■ **Your goal**
Before copying, find the line below that contains "Gästehandtuchfarbe, Stickmotivnummer, Schriftart"; then return it and all later lines exactly, up to and including the final line, with no pictures.

■ **Material for the task**
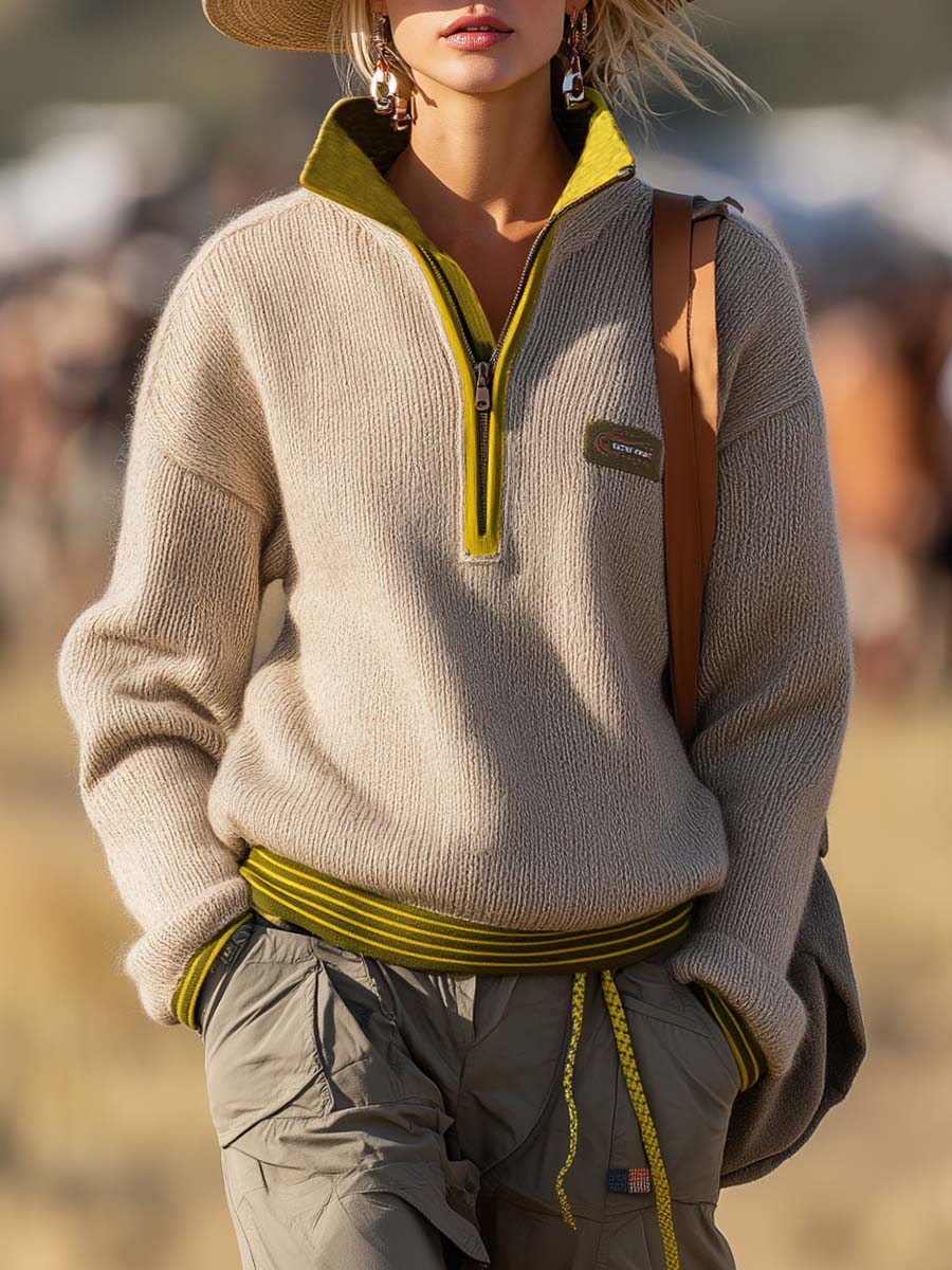Retro Fashion Sports Lapel Front Zipper Yellow Green Trim Beige Knitted Sweatshirt
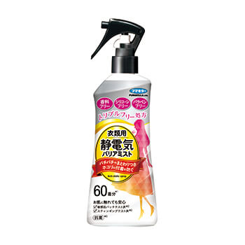 セーターやマフラー等の衣類・布製品にスプレーするだけで、静電気によるパチパチや衣類のまとわりつき、ホコリ・花粉の付着を防ぎます。
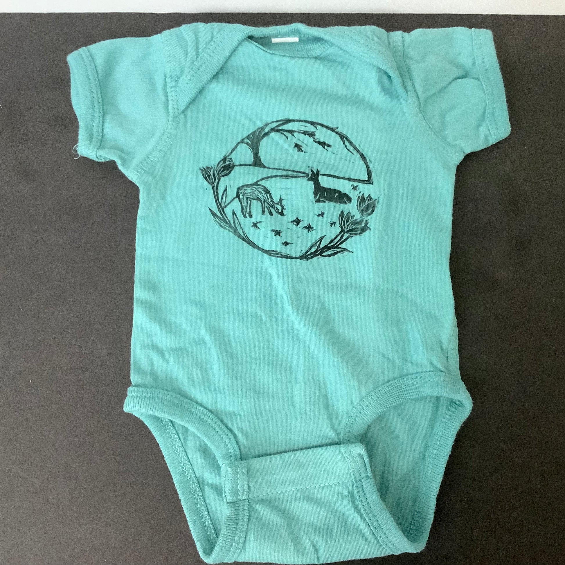 Onesie “Alpaca Meadow” Teal Newborn Size
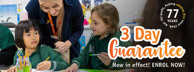 We’re open from 7am – 9am for Before School Care with breakfast provided, 3pm – 6:30pm for After School Care with afternoon tea provided and 7am – 6:30pm during Vacation Care.
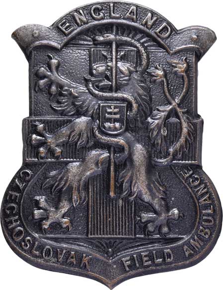 černě lakovaná mosaz 33x57 mm s upínací patkou, ex ČNS Praha - aukce 68/1854 |
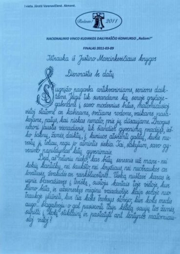 Kovo 11-osios proga pagyrimais ir rašikliais apdovanoti šie dailiaraščiai: Emilija Garalytė (4b), Gustė Majauskaitė (5b), Irūnė Bronušaitė (9b), Karolina Švažaitė (12), o dailių dailiausiai tekstus išrašė aštuntokė Emilija Faberaitė (taip ji rašo ne tik per konkursą), iš suaugusiųjų Raminta Švažienė.
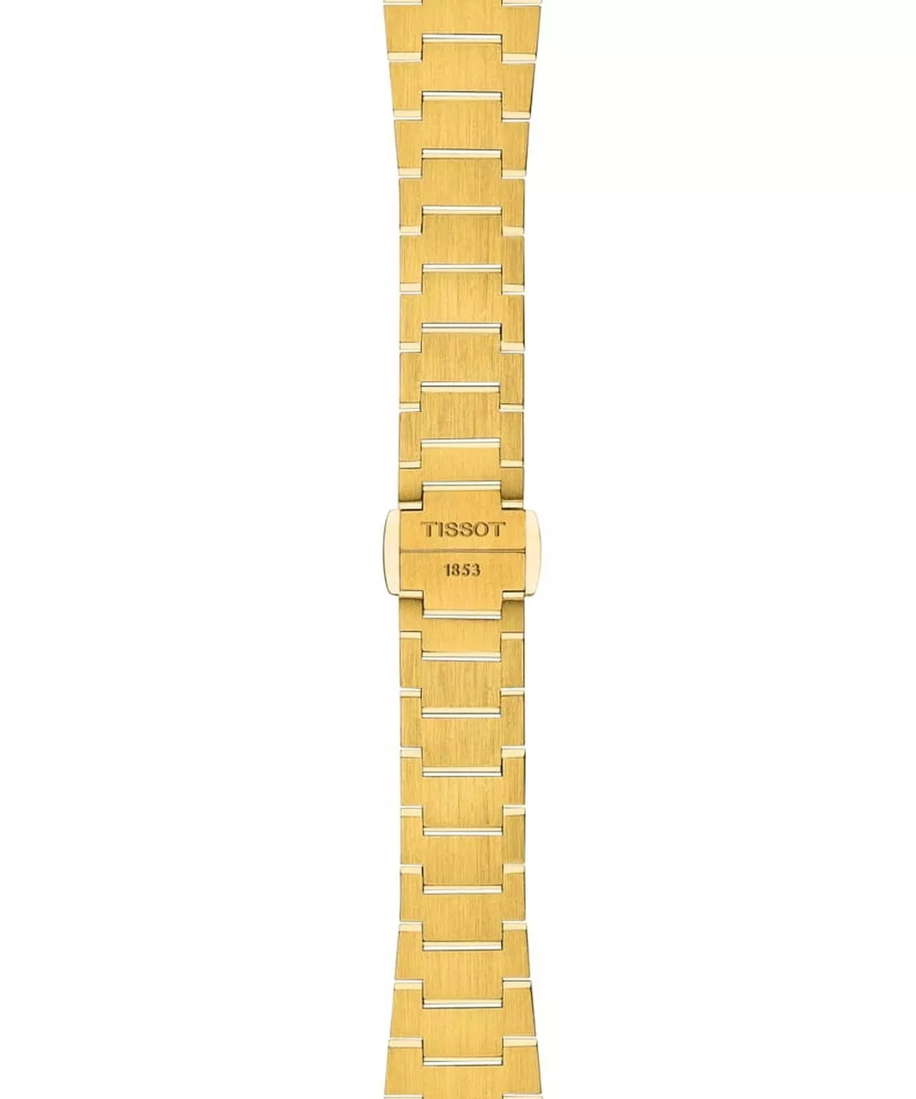 Мужские кварцевые часы Tissot PRX 25 мм T1370103302100 — это стильный аксессуар, вдохновлённый элегантностью 70-х годов. Модель выполнена в тонкой форме из нержавеющей стали 316L с PVD-покрытиемPVDУльтратонкое покрытие наносится в технике вакуумного напыления, сочетает в себе нитрид титана особой прочности со слоем золота или оксида хрома. Несёт в себе декоративную или защитную функцию. цвета жёлтого золота, что придаёт ей благородный внешний вид и устойчивость к царапинам. Циферблат шампанского цвета дополнен индексами, а его поверхность защищена сапфировым стекломСапфировое стеклоПрочный и надёжный материал из кристалла сапфира синтетического происхождения, характеризующийся особой твёрдостью и устойчивостью к царапинам и повреждениям. с антибликовым покрытиемАнтибликовое покрытиеСлой оксида металла в 0,13-0,3 микрон, благодаря которому стекло часов не бликует и не отражает свет. Антибликовое покрытие уменьшает отражение света в 10 раз, обеспечивая отличную читаемость показателей циферблата., устойчивым к повреждениям. Стрелки и метки имеют люминесцентное покрытиеЛюминесцентное покрытиеПозволяет считывать показания времени в темноте. Производители наносят на стрелки, часовые индексы, безель или поверхность циферблата светонакопительный состав, дающий холодное свечение. Super-LumiNova®, обеспечивающее отличную читаемость даже в условиях слабого освещения. Часы оснащены солнечным кварцевым механизмом швейцарского производства, который обеспечивает точную работу и минимальное обслуживание. Аккумулятор Renata 364 гарантирует длительную работу без подзарядки. Браслет из нержавеющей стали с покрытием цвета жёлтого золота оснащён Застёжка "бабочка"Застёжка "бабочка"Такой вид застёжки дополняется предохранителями, помогающими избежать случайного раскрытия браслета. Обладают изящным исполнением. , обеспечивающей комфорт и надёжную фиксацию на запястье. Ремешок является быстросменным, что позволяет легко менять его по желанию. Водонепроницаемость позволяет использовать модель при плавании и других водных активностях без глубокого погружения. Гарантия 2 года подтверждает качество и долговечность изделия. Эти часы станут универсальным аксессуаром для тех, кто ценит сочетание стиля, функциональности и швейцарского мастерства — идеальный выбор для повседневной носки и активного образа жизни.
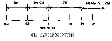 EMI信號包括共模干擾信號CM和差模干擾信號DM,CM和DM分布如圖1所示。它可用來指導(dǎo)如何確定EMI濾波器網(wǎng)絡(luò)結(jié)構(gòu)和參數(shù)。
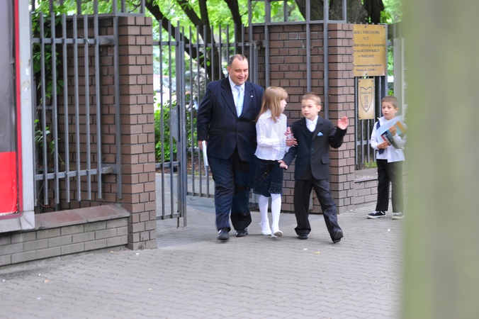 Przemyslaw Edgar Gosiewski odbiera dzieci ze szkoly po zakonczeniu roku szkolnego, Warszawa 2009
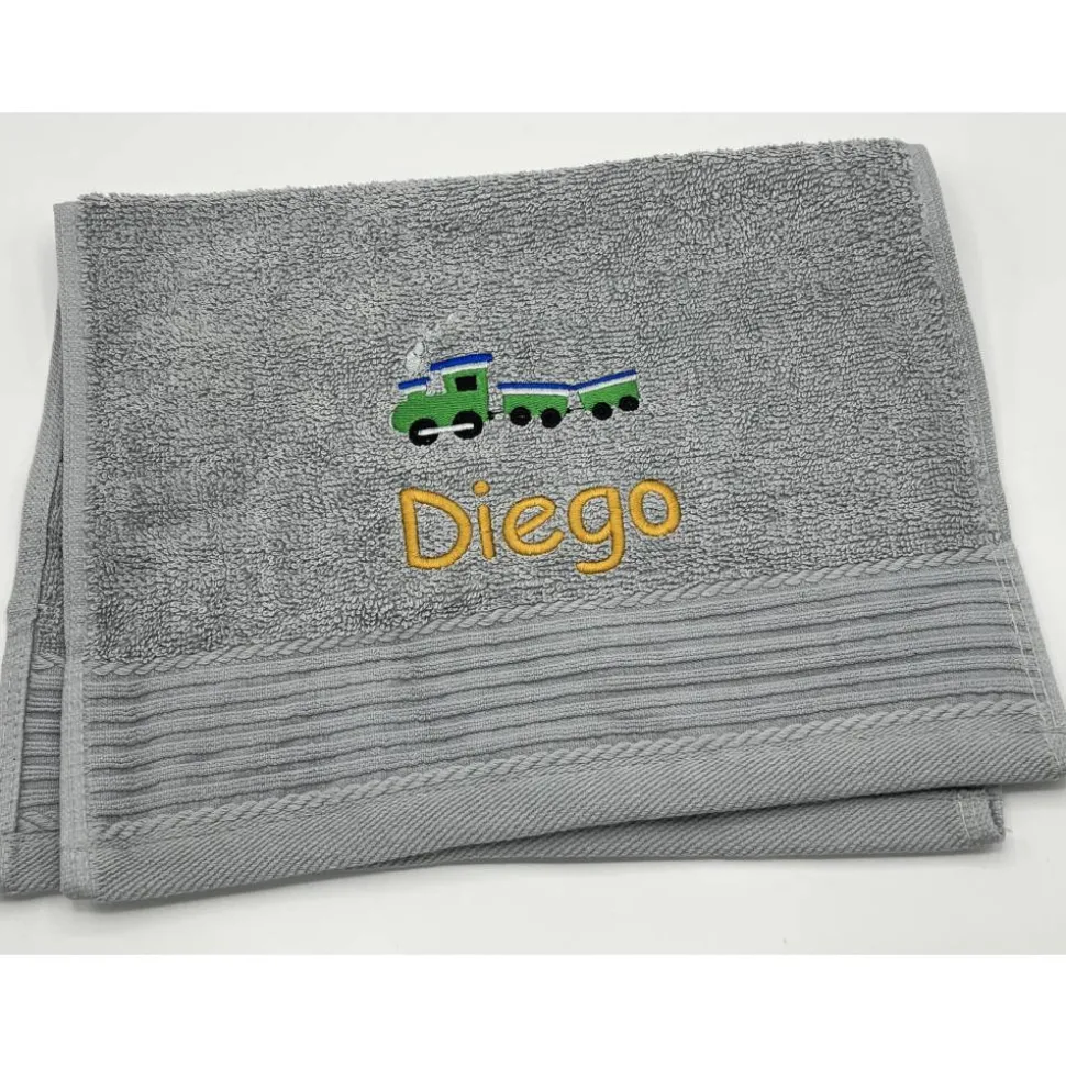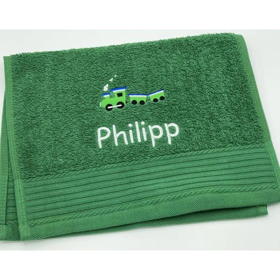 Gästehandtuchfarbe, Stickmotivnummer, Schriftart und Namen .
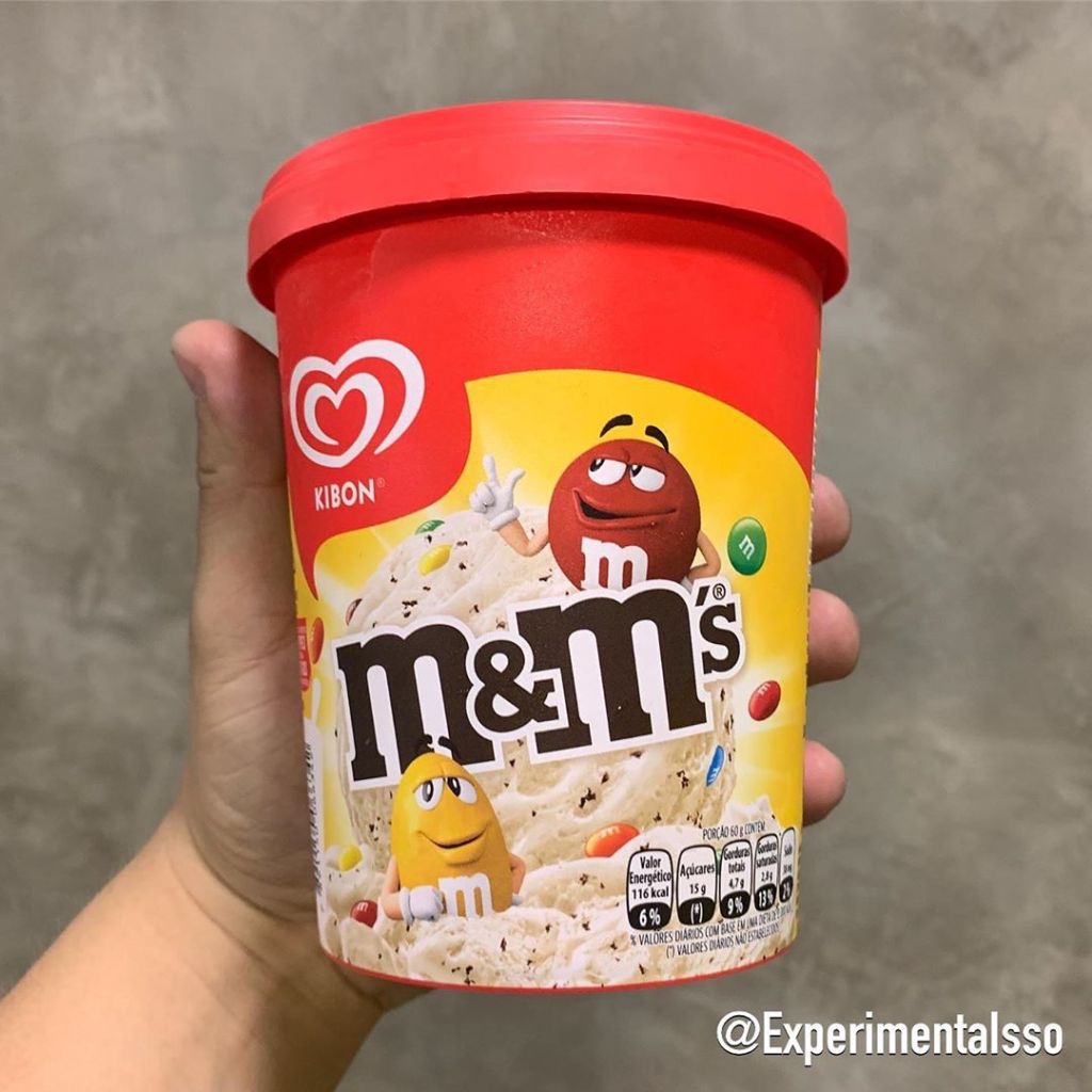 Esse mês a Kibon nos trouxe um monte de novidades! E além do Cornetto de M&M’s temos o Sorvete de M&M’s de pote! 😆 É basicamente um sorvete de flocos com adição de M&M’s misturado na “massa”. 😋 Infelizmente esperávamos um pouquinho mais dessa versão do sorvete, já que o Cornetto de M&M’s acabou ficando INCRÍVEL! Acho que faltou a calda de chocolate do Cornetto…😁
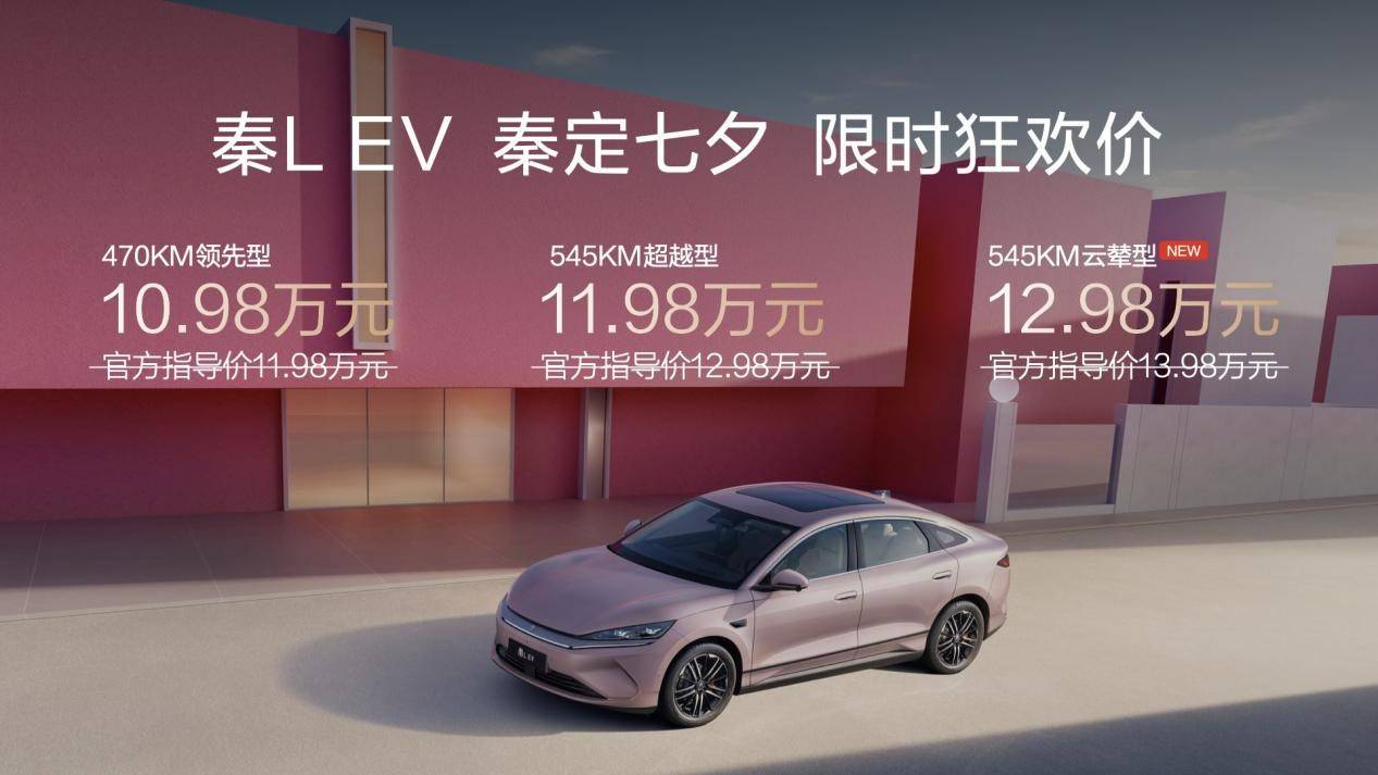 即日起至 9 月 30 日,秦 L EV 全系车型开启限时售价,价格区间为 10.98 万 - 12.98 万元。

■ **Expected answer**
 Gästehandtuchfarbe, Stickmotivnummer, Schriftart und Namen .
 Esse mês a Kibon nos trouxe um monte de novidades! E além do Cornetto de M&M’s temos o Sorvete de M&M’s de pote! 😆 É basicamente um sorvete de flocos com adição de M&M’s misturado na “massa”. 😋 Infelizmente esperávamos um pouquinho mais dessa versão do sorvete, já que o Cornetto de M&M’s acabou ficando INCRÍVEL! Acho que faltou a calda de chocolate do Cornetto…😁
 即日起至 9 月 30 日,秦 L EV 全系车型开启限时售价,价格区间为 10.98 万 - 12.98 万元。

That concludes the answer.